#### WHAT THE TASK REQUIRES
The lines from the one containing "Modern grey neutral" through the last one in the data: please copy those exactly, and only those, without the pictures.

___ INFORMATION SHOWN

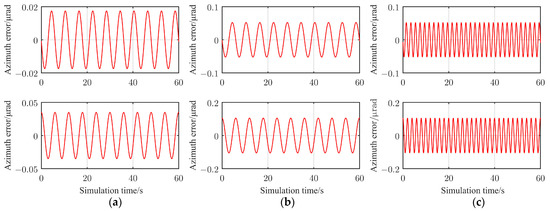 As revealed, Figure 7, Figure 9, Figure 11, Figure 13, Figure 15 and Figure 17 show the LOS attitude curves of six reflectors under the condition of conical motion in an ideal state. As the cone angle a and the angular speed ω increase, the motion environment becomes increasingly harsh. The azimuth and pitch curves are constant in amplitude and periodic. Although the amplitude of the curve is not large, great fluctuations appear at the peak and valley. When conducting numerical resolution for the attitude of LOS, because the RK4 method is an equal step method, it is difficult to realize numerical approximation in detail near the peak and valley. This method uses the angular speed of the gyro, so a certain compensation can be done at the peak and valley. Figure 8, Figure 10, Figure 12, Figure 14, Figure 16 and Figure 18 show the resolution error curves of LOS attitude corresponding to the reflectors. We can see from the curves that the resolution errors at the peak and valley are large and the error curves show periodicity. Although the indirect method shows high precision in terms of resolution, error accumulations of different levels occur in the coordinate systems of the six reflectors, which do not result in too large deviations in the error curve. The numerical calculation error curves obtained using the indirect calculation method for the six reflector coordinate systems were different. The calculation errors increased with the increments in the simulation duration, cone angle a, and angular velocity ω. The determined numerical calculation error values are listed in Table 1.
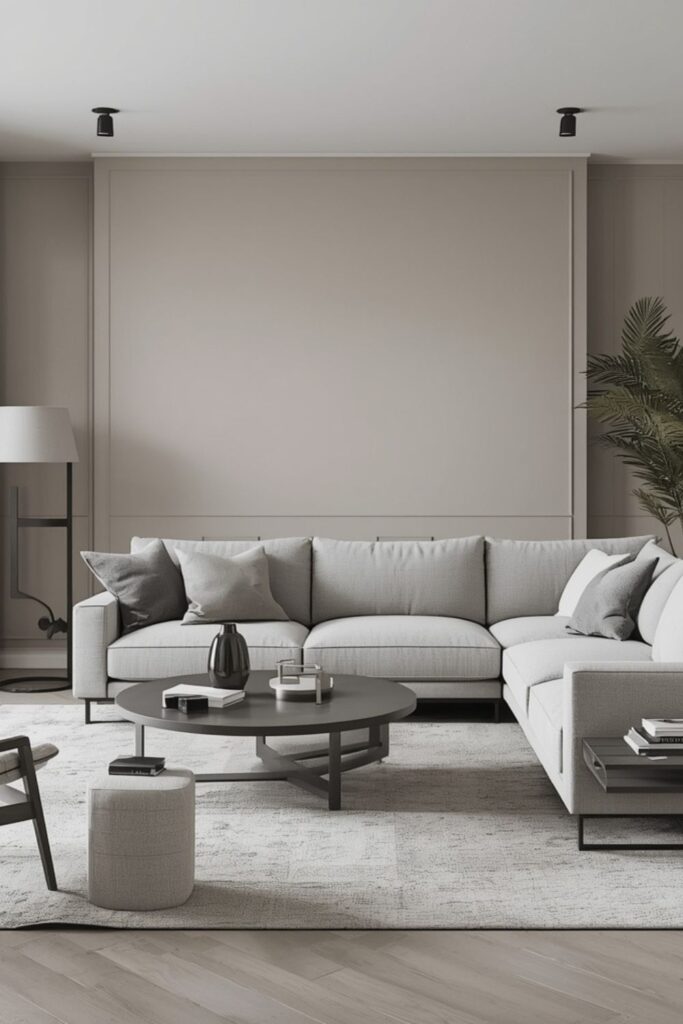 Modern grey neutral living room ideas focus on clean lines and simplicity. Furniture shapes are kept soft and minimal, allowing the neutral palette to shine. This style works well in contemporary UK apartments and renovated homes.
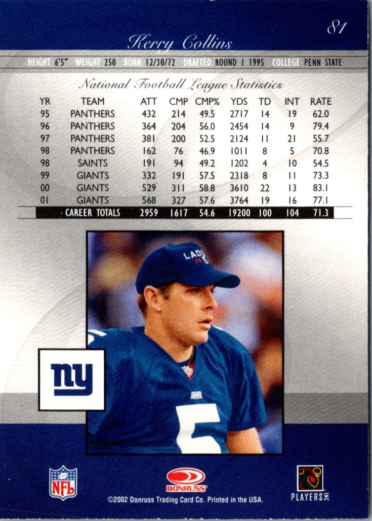 2002 Donruss Elite Kerry Collins #81

______

#### THE COMPLETED TASK
 Modern grey neutral living room ideas focus on clean lines and simplicity. Furniture shapes are kept soft and minimal, allowing the neutral palette to shine. This style works well in contemporary UK apartments and renovated homes.
 2002 Donruss Elite Kerry Collins #81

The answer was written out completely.